Venue: | MACHINE LEARNING: PROCEEDINGS OF THE FOURTEENTH INTERNATIONAL CONFERENCE (ICML’97 |

### BibTeX

@INPROCEEDINGS{Wilson97instancepruning,

author = {D. Randall Wilson and Tony R. Martinez},

title = {Instance pruning techniques},

booktitle = {MACHINE LEARNING: PROCEEDINGS OF THE FOURTEENTH INTERNATIONAL CONFERENCE (ICML’97},

year = {1997},

pages = {404--411},

publisher = {Morgan Kaufmann}

}

### Abstract

The nearest neighbor algorithm and its derivatives are often quite successful at learning a concept from a training set and providing good generalization on subsequent input vectors. However, these techniques often retain the entire training set in memory, resulting in large memory requirements and slow execution speed, as well as a sensitivity to noise.
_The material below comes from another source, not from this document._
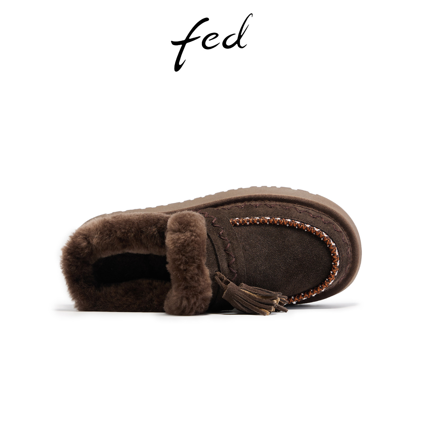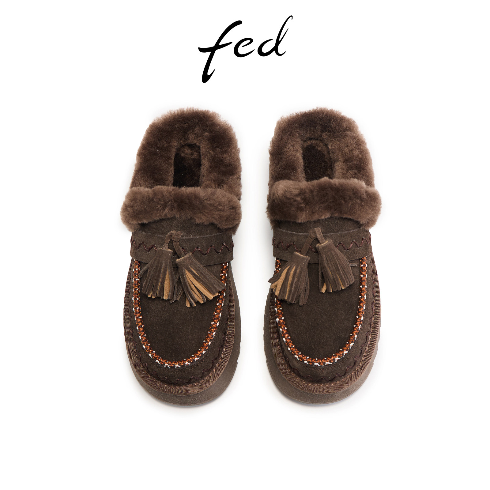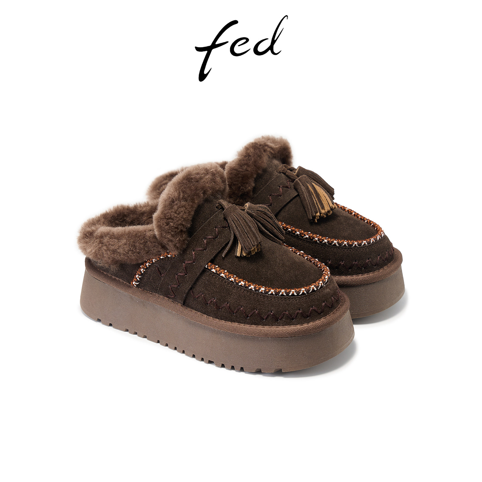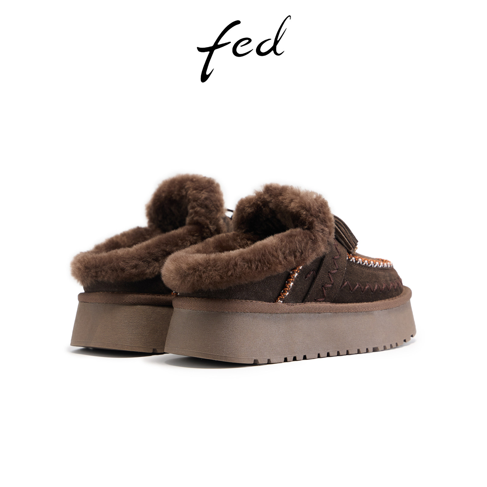 fed厚底勃肯鞋冬季新款女鞋加绒雪地靴毛毛拖鞋女款S1028-YAB156

This paper provides a discussion of issues related to reducing the number of instances retained in memory while maintaining (and sometimes improving) generalization accuracy, and mentions algorithms other researchers have used to address this problem. It presents three intuitive noise-tolerant algorithms that can be used to prune instances from the training set. In experiments on 29 applications, the algorithm that achieves the highest reduction in storage also results in the highest generalization accuracy of the three methods.